The rental car dings pleasantly when I start it up. I’ve gotten so used to the old Jeep that the lights on the dashboard seem

too shiny and bright and the driver’s seat feels awkwardly stiff and bouncy.

It’s 7:58 when I park the car on Main Street. I don’t even bother locking it, just slam the door and run for In Between Books...

The sign on the door is flipped to closed . Inside, the store is dark.

But when I worked at the bookstore, I stayed late all the time if I was on the last shift. Even after the store was technically

closed, I was unpacking books or cleaning up in that half-light I liked so much. I never locked the door until I actually

left. So maybe I can still get in. Maybe if the door hasn’t been locked in 2009...

I grab the knob and pull, but the door won’t open. I rattle the knob. I pull again, with everything I’ve got, but the door

doesn’t budge.

“Come on, come on, come on...” I’m muttering under my breath, shallow, shaky panic-whispers while my heart pounds against

my ribs. I rattle the knob again and again, but it’s useless. It won’t turn.

I can’t get in.

My eyes sting. I lean my forehead against the door.

I can’t get in.

A car engine rumbles down the street behind me and brakes squeak. “Darby?”

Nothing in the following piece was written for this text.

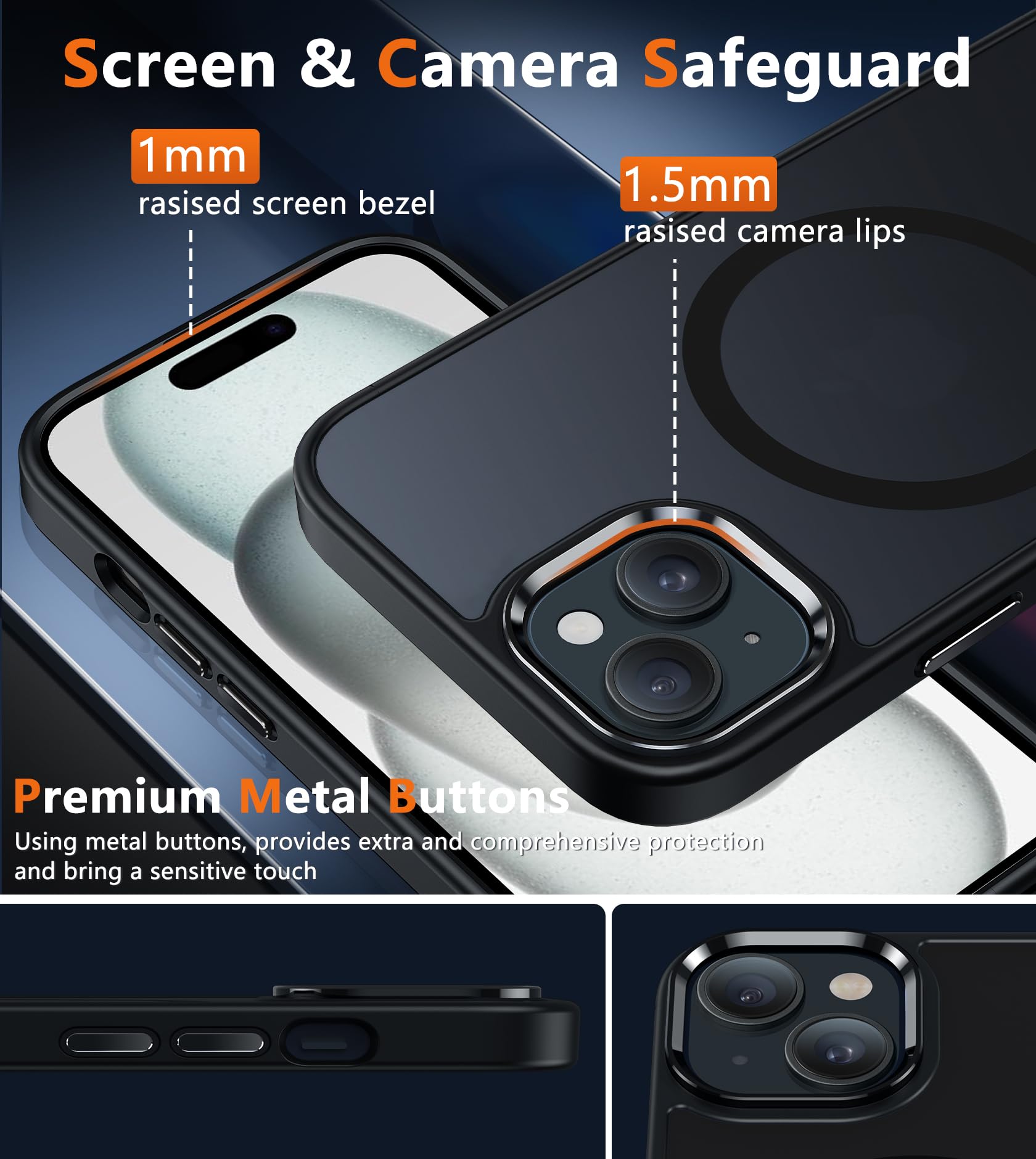 Raised Camera & Screen Protection: The screen 0.05 inch (1.2mm) raised edge and the camera lens 0.1 inch (2.5mm) raised edge of our iPhone 15 plus clear case can prevent daily scratches when the phone is placed down on a table. We focus on every detail

I jerk, letting go of the doorknob and whirling around like I’ve been caught stealing.

A white pickup truck is pulled up to the curb, passenger window rolled down. Leaning down to look at me from the driver’s

seat is Michael.

Everything inside me crumbles. I’m relieved to see him and embarrassed at the same time. Embarrassed that I’m here, trying to get into a closed bookstore. Embarrassed by everything I hurled at him last night. Too aware, suddenly, of my shirt sticking to my back and my hair sticking to my forehead and the raw and ragged feeling in my throat.

“Hi,” I say.

He glances past me to the bookstore. “What are you doing?”

Falling apart. Coming undone. Losing my mind.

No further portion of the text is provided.